#### WHAT IS EXPECTED:
The output should match, line for line, the records from the line containing "This document outlines" through the line containing "Largement fidèle aux", with every picture left out.

#### RAW DATA:
=======

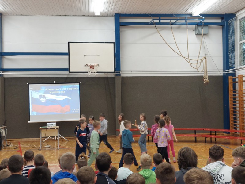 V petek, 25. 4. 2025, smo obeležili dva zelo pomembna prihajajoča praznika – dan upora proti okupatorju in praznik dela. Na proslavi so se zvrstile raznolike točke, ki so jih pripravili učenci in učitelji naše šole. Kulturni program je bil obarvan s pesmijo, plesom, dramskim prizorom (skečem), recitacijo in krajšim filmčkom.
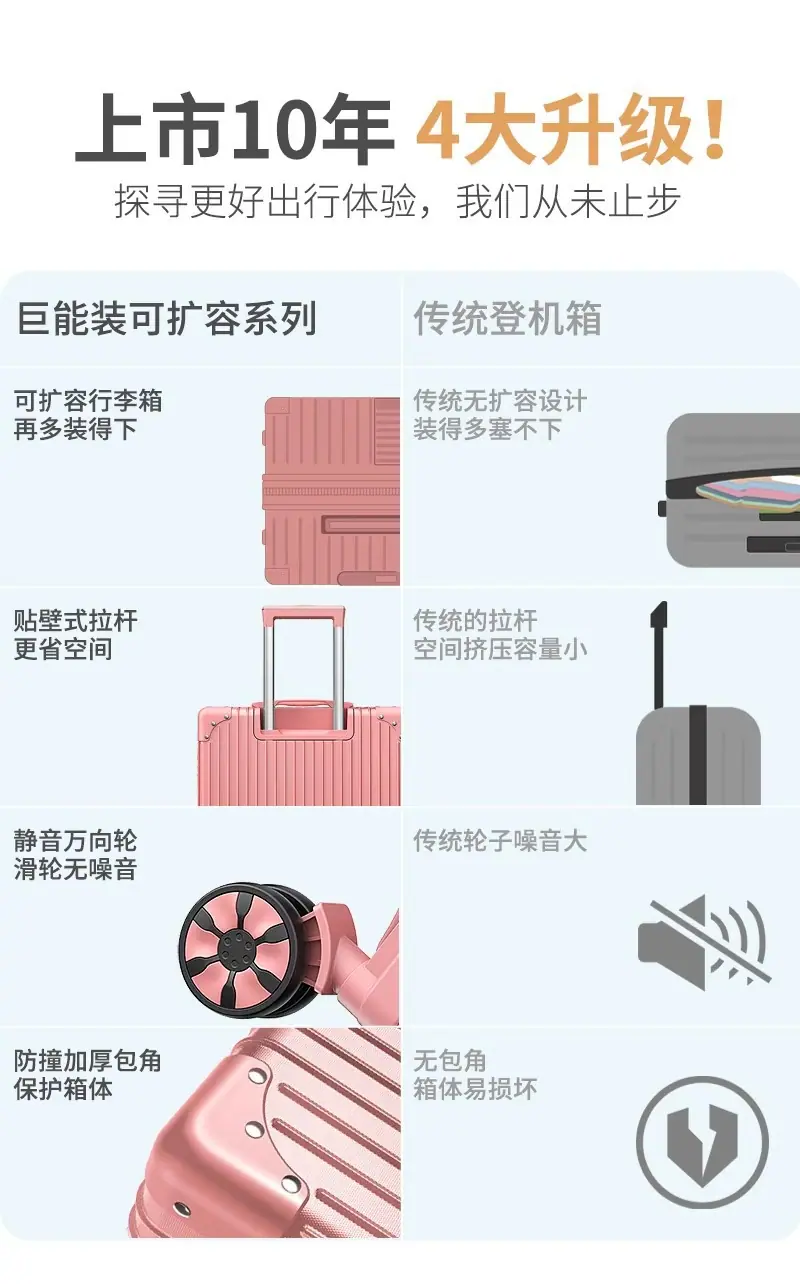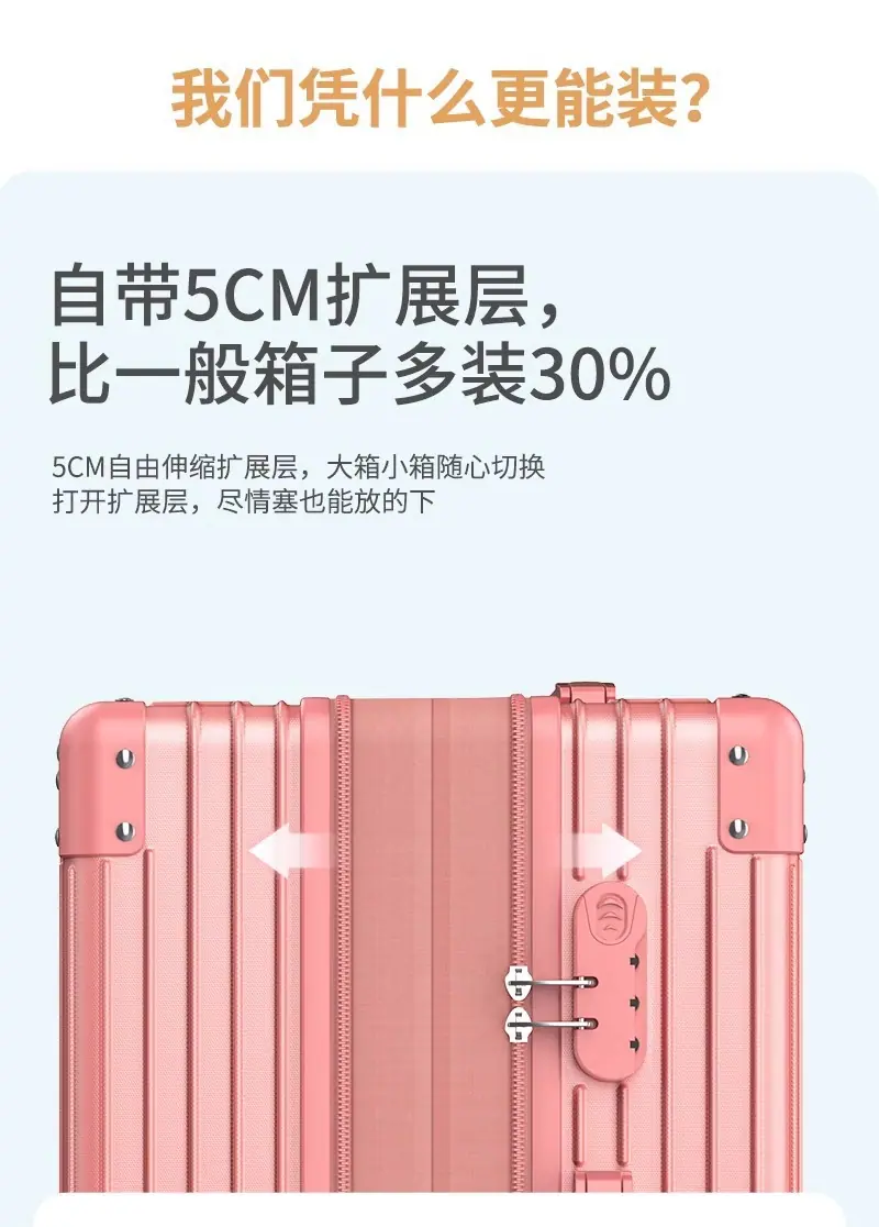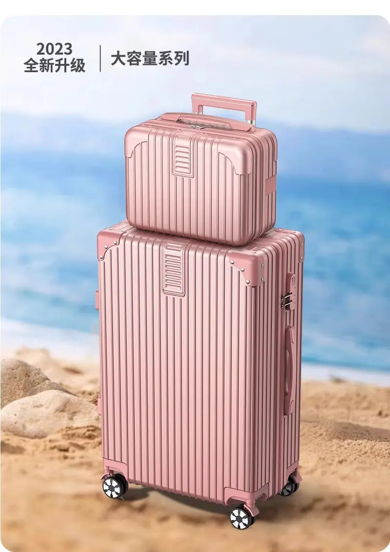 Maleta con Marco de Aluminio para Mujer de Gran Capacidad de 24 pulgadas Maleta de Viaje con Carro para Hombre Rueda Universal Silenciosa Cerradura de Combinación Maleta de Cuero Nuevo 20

=======

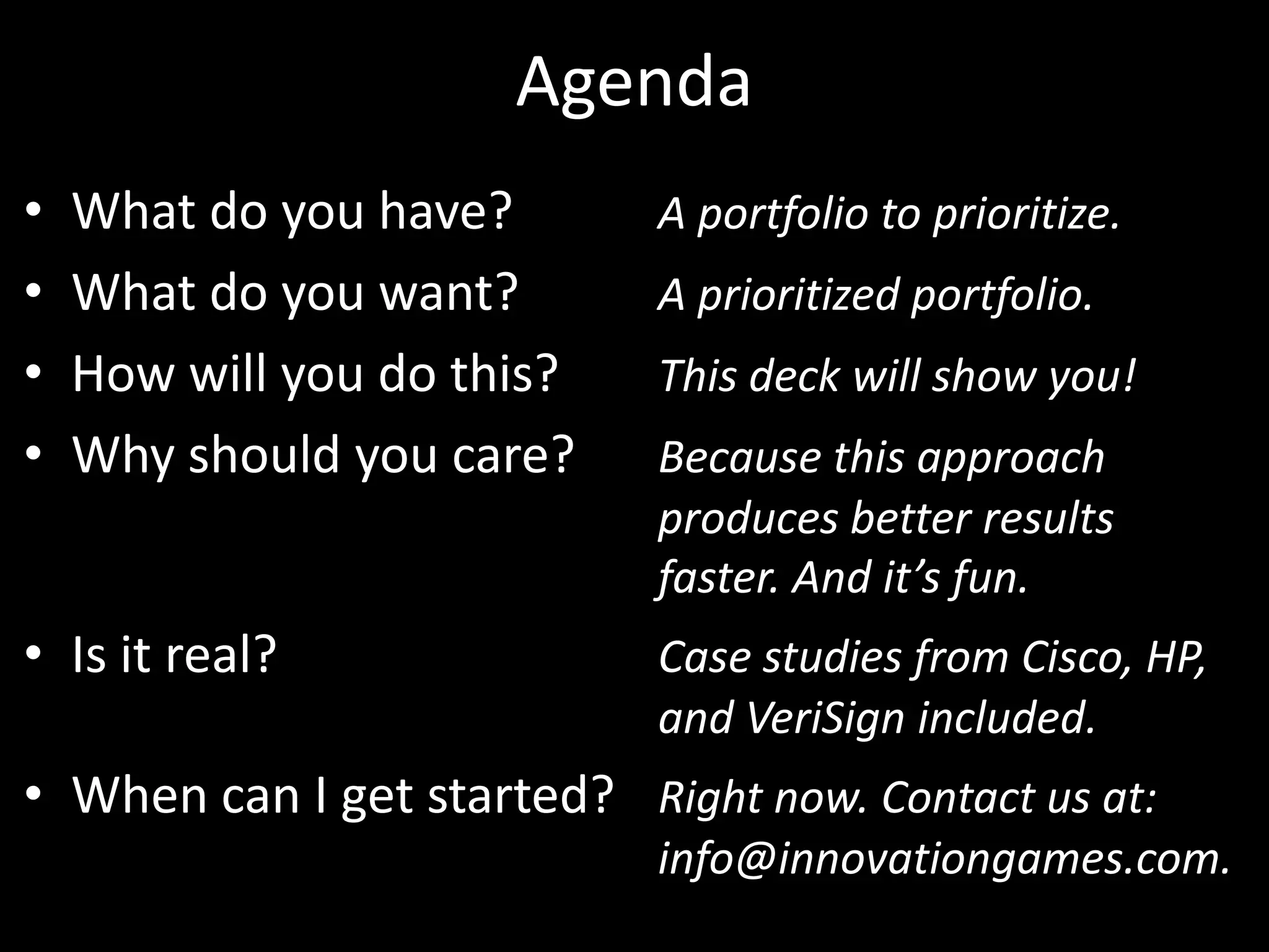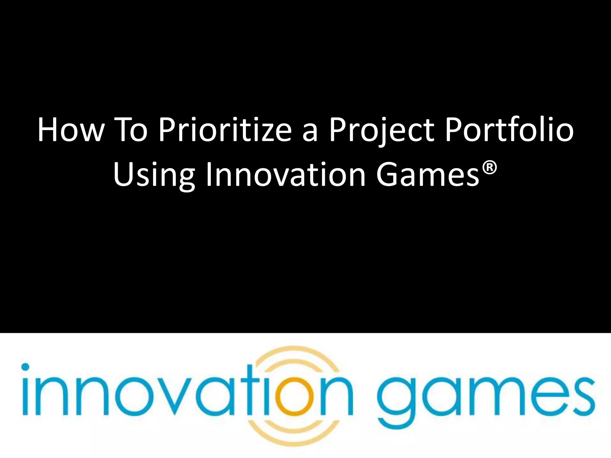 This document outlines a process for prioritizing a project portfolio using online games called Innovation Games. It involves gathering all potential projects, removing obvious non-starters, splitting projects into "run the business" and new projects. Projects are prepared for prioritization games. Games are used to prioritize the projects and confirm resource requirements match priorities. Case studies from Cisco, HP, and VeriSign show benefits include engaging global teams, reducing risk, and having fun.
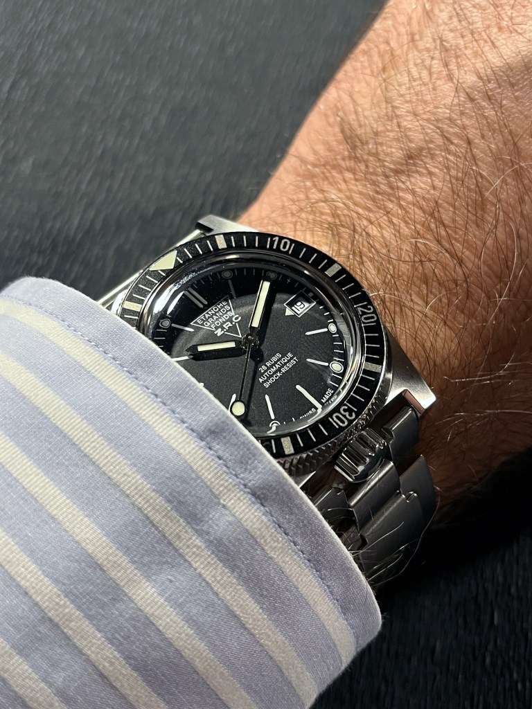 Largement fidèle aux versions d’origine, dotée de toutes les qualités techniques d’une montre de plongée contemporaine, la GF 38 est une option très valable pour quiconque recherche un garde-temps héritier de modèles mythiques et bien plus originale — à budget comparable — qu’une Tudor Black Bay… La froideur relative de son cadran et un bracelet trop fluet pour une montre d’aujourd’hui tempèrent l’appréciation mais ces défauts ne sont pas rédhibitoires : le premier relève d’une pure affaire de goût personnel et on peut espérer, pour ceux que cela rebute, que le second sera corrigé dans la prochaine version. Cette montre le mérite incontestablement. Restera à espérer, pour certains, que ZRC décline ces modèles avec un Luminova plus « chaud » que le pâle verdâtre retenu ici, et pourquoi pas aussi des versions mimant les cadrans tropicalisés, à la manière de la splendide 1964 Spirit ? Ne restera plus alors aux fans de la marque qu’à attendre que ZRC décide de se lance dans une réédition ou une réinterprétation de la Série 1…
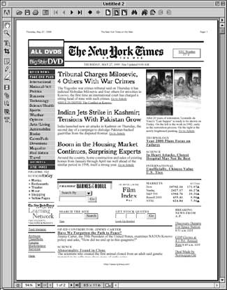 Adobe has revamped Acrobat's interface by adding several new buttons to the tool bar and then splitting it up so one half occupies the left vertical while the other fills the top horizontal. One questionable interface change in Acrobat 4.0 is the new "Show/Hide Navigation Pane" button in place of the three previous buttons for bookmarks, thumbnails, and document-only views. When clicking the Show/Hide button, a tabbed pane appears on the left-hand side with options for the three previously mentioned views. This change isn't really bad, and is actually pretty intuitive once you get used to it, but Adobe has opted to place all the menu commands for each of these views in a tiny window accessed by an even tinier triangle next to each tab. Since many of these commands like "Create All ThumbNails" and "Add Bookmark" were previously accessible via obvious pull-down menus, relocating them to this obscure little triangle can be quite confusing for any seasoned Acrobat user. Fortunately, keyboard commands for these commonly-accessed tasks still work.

=======

#### PROBLEM SOLUTION:
 This document outlines a process for prioritizing a project portfolio using online games called Innovation Games. It involves gathering all potential projects, removing obvious non-starters, splitting projects into "run the business" and new projects. Projects are prepared for prioritization games. Games are used to prioritize the projects and confirm resource requirements match priorities. Case studies from Cisco, HP, and VeriSign show benefits include engaging global teams, reducing risk, and having fun.
 Largement fidèle aux versions d’origine, dotée de toutes les qualités techniques d’une montre de plongée contemporaine, la GF 38 est une option très valable pour quiconque recherche un garde-temps héritier de modèles mythiques et bien plus originale — à budget comparable — qu’une Tudor Black Bay… La froideur relative de son cadran et un bracelet trop fluet pour une montre d’aujourd’hui tempèrent l’appréciation mais ces défauts ne sont pas rédhibitoires : le premier relève d’une pure affaire de goût personnel et on peut espérer, pour ceux que cela rebute, que le second sera corrigé dans la prochaine version. Cette montre le mérite incontestablement. Restera à espérer, pour certains, que ZRC décline ces modèles avec un Luminova plus « chaud » que le pâle verdâtre retenu ici, et pourquoi pas aussi des versions mimant les cadrans tropicalisés, à la manière de la splendide 1964 Spirit ? Ne restera plus alors aux fans de la marque qu’à attendre que ZRC décide de se lance dans une réédition ou une réinterprétation de la Série 1…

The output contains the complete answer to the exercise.